Beginning at the first line of the material, output each line exactly until you reach and include the line containing "調理家電や食器などを収納できる、キッチンキャビネットです。". Leave every picture out.

### SUPPLIED INFORMATION:
----
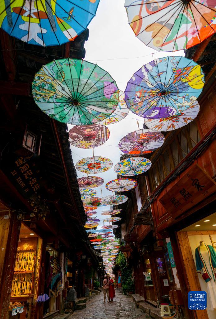 這是2021年8月19日拍攝的麗江古城內(nèi)一條油紙傘裝飾的巷子。新華社記者 陳欣波 攝
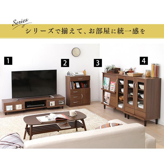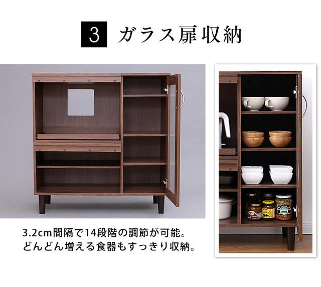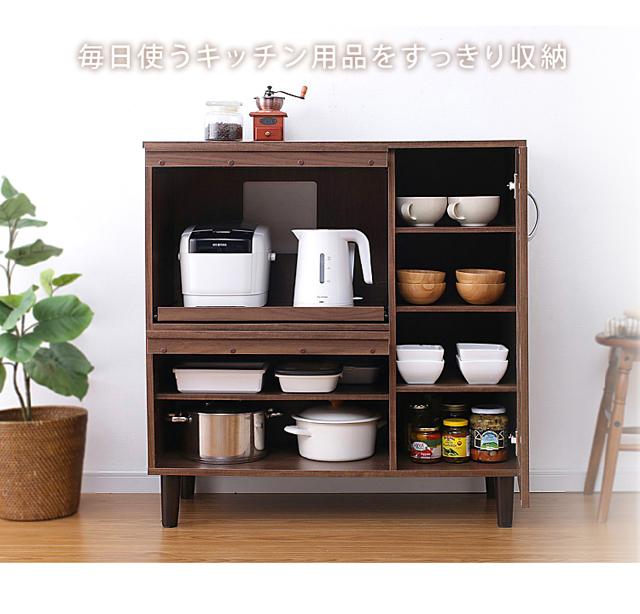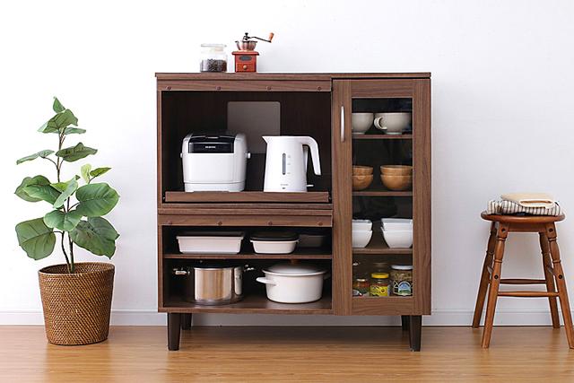 調理家電や食器などを収納できる、キッチンキャビネットです。
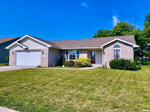 Exceptional three bedroom, 2 bathroom ranch style home with open floor plan located in desirable Cottonwood Estates! The move-in ready interior features a comfortably sized living room with vaulted ceiling, a fully equipped eat-in kitchen with hardwood flooring as well as a conveniently situated laundry/mudroom. Primary bedroom with tray ceiling is located on opposite side as the other two bedrooms. Property also features a large/unfinished painted basement w/two egress windows, storage area and rec room. Enjoy the covered rear porch and private backyard with an extra-large side yard! Large garage with extra storage/work area is an added bonus. Conveniently located near the interstate with quick access to Morton, Pekin, downtown East Peoria, and Peoria. Don't miss this one!
----
### RESULT FOR THIS TASK:
 這是2021年8月19日拍攝的麗江古城內(nèi)一條油紙傘裝飾的巷子。新華社記者 陳欣波 攝
 調理家電や食器などを収納できる、キッチンキャビネットです。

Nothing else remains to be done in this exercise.